DATA SECTION:
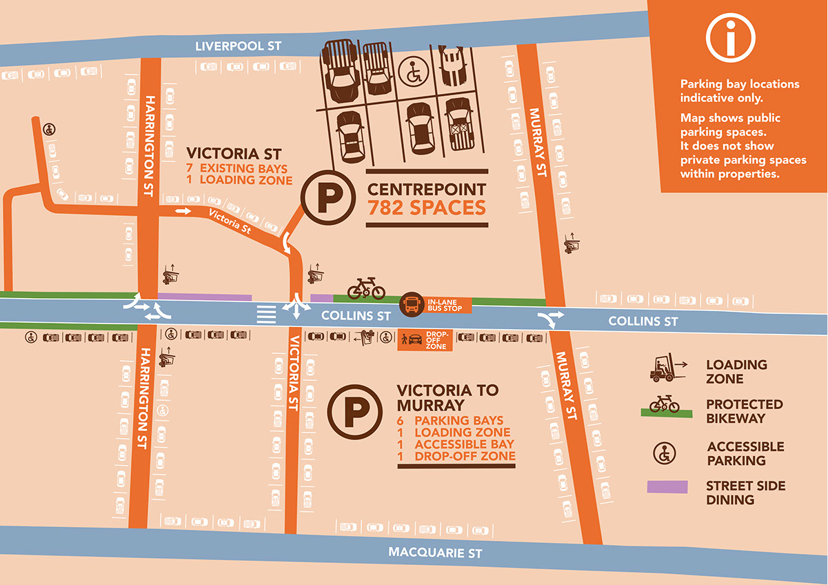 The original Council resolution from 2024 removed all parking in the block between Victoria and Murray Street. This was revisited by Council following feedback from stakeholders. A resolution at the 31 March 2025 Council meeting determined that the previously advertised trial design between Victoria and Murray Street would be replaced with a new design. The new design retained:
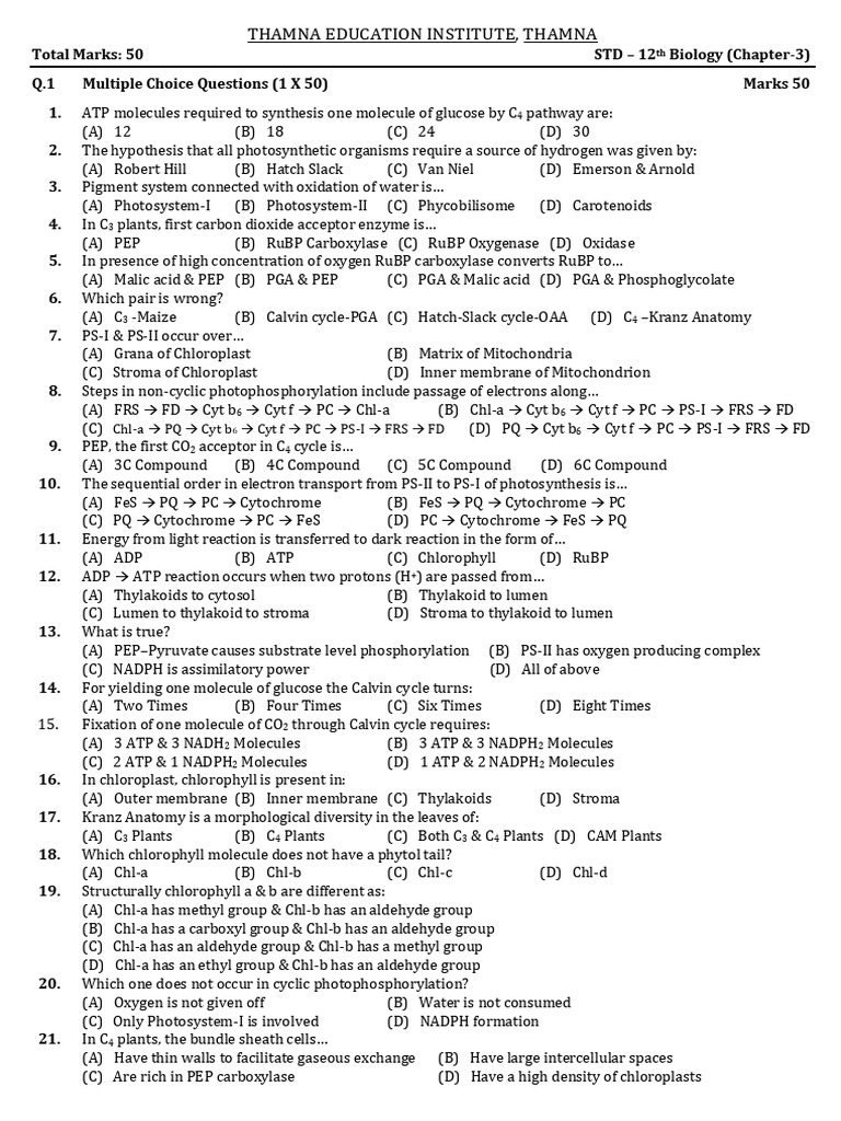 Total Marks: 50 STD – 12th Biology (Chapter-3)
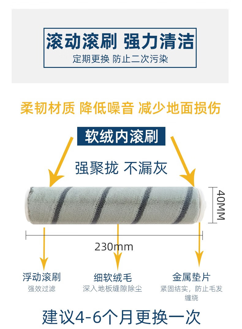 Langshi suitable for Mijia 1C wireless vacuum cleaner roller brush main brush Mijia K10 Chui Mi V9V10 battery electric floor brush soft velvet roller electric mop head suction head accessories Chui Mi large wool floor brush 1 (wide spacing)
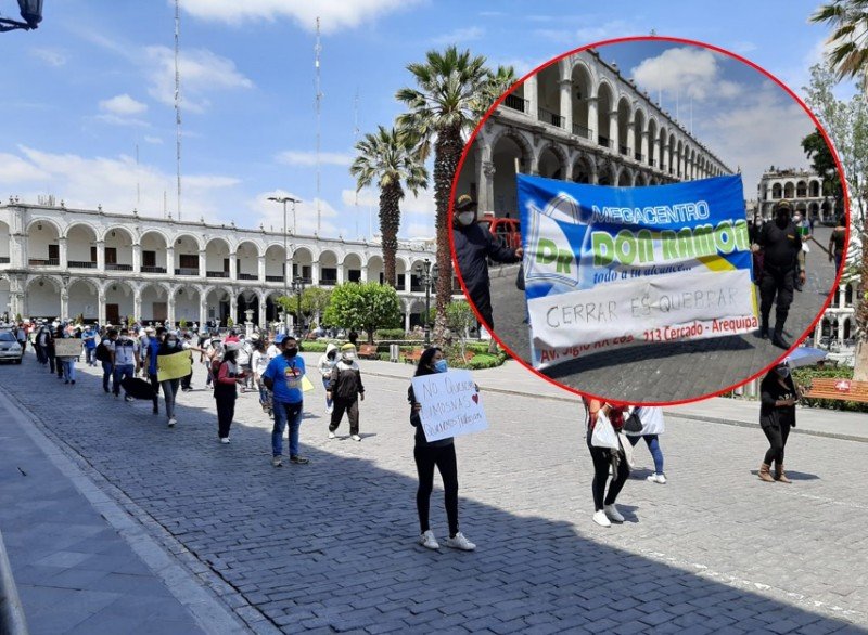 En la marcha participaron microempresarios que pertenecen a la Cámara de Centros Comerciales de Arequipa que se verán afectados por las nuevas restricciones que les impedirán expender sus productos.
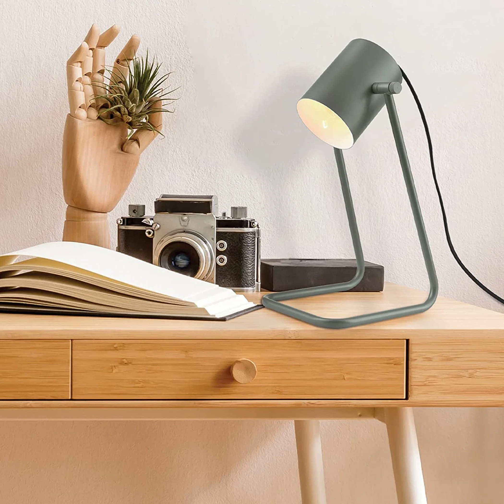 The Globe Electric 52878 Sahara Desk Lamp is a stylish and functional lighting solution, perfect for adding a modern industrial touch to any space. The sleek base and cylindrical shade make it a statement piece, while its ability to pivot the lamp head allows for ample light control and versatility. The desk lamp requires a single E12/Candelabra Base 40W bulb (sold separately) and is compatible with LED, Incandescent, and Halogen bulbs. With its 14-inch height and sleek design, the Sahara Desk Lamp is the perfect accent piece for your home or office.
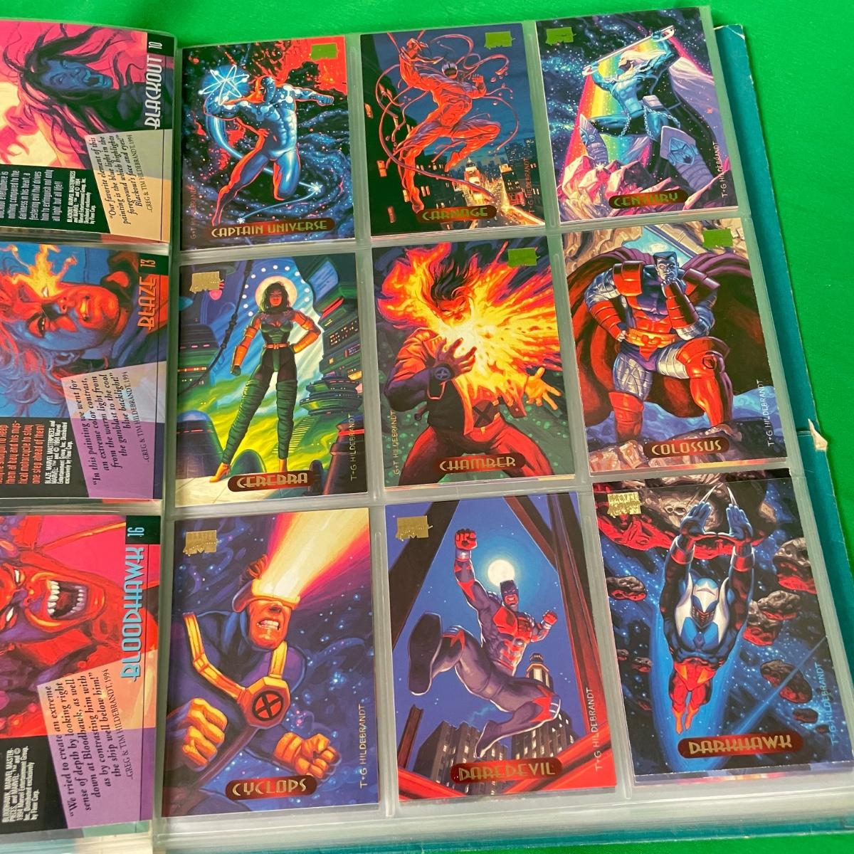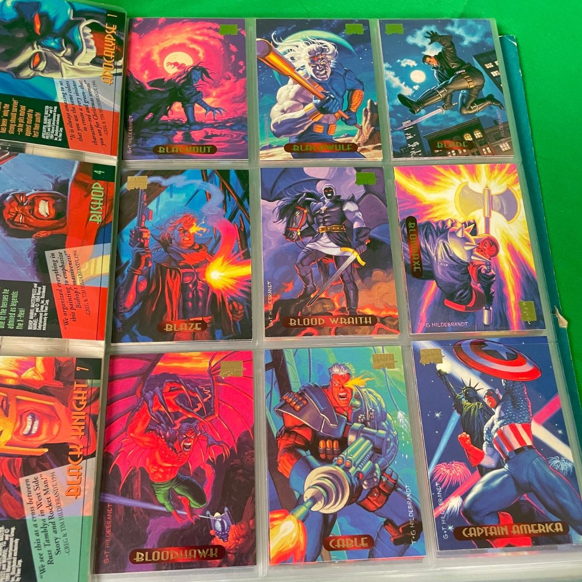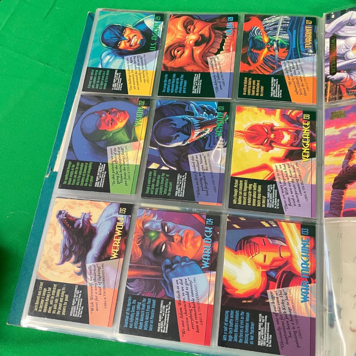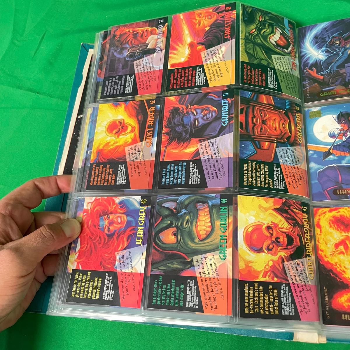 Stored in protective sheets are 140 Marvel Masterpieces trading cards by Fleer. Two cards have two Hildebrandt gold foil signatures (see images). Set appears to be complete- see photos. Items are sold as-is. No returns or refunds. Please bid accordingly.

* * *

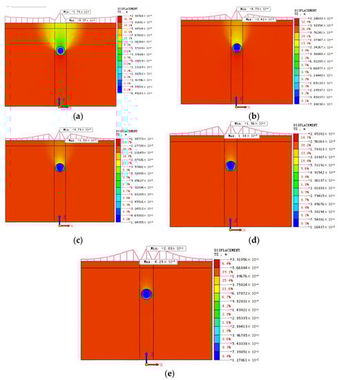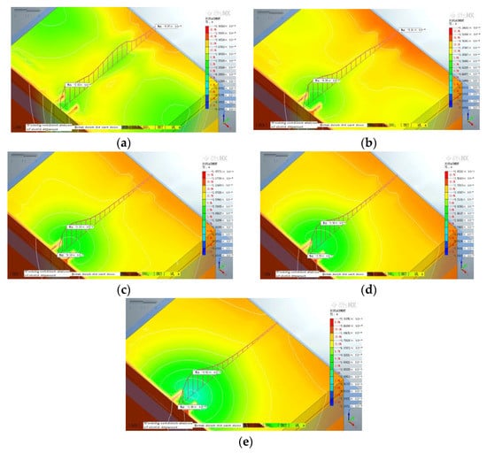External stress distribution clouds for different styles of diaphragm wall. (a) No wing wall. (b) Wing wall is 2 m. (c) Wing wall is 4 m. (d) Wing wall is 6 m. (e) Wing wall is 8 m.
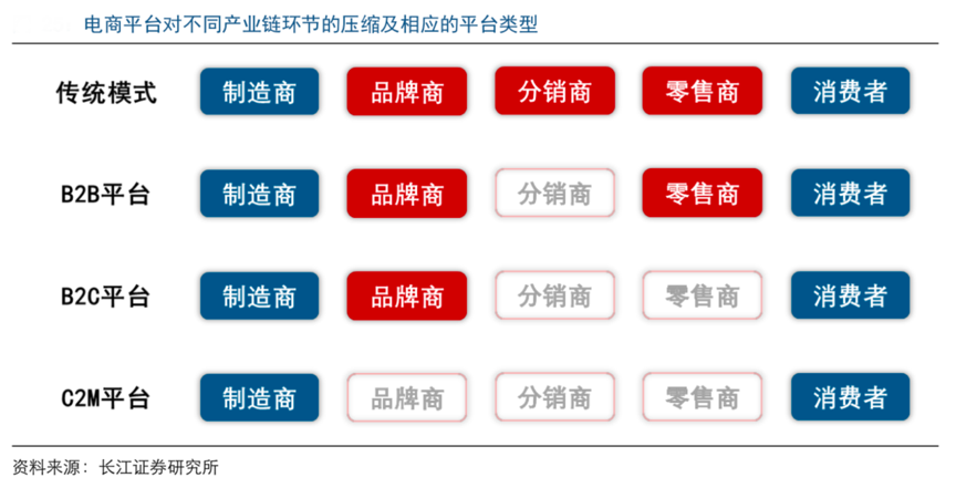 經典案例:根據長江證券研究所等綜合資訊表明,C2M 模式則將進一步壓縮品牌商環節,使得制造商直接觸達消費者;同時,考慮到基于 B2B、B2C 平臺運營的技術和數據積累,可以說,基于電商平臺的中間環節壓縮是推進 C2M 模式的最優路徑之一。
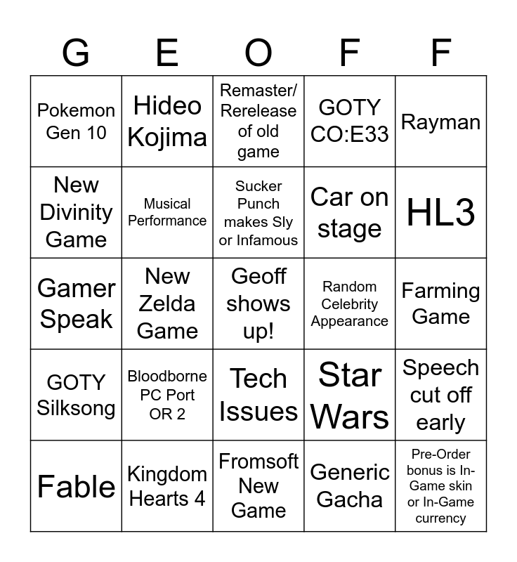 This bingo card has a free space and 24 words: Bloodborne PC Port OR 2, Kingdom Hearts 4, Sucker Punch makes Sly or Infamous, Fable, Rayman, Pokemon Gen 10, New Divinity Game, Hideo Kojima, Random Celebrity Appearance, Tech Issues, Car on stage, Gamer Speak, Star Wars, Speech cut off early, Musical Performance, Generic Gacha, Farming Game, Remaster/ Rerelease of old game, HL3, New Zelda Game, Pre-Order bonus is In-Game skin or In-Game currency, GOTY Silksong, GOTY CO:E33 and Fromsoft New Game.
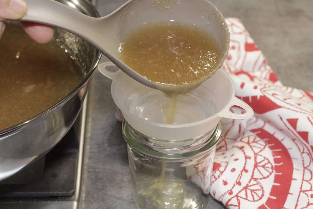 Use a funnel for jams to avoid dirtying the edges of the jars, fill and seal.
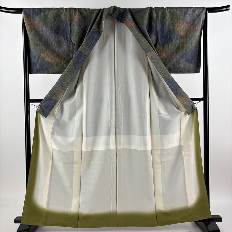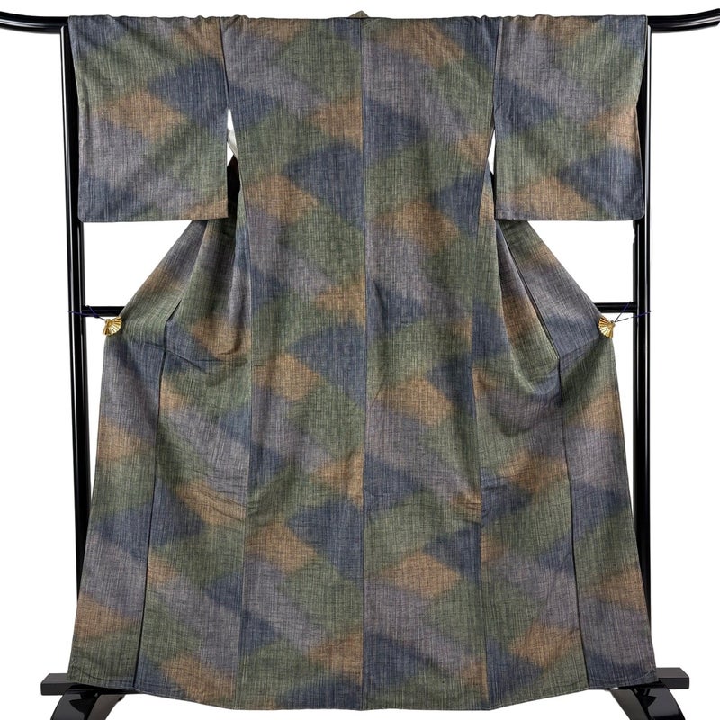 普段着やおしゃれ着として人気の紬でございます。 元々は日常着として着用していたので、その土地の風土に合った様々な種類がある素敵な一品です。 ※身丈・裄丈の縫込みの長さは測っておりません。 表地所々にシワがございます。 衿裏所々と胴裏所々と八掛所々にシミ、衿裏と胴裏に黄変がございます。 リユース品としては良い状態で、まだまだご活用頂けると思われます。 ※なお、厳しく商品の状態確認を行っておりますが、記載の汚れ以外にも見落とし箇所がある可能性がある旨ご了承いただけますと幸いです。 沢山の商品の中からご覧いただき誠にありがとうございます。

EXERCISE:
From the records above, write out exactly the lines that begin at the line with "The original Council" and end at the line with "Total Marks: 50". Pictures must not appear in the output.

REPLY TO THE EXERCISE:
 The original Council resolution from 2024 removed all parking in the block between Victoria and Murray Street. This was revisited by Council following feedback from stakeholders. A resolution at the 31 March 2025 Council meeting determined that the previously advertised trial design between Victoria and Murray Street would be replaced with a new design. The new design retained:
 Total Marks: 50 STD – 12th Biology (Chapter-3)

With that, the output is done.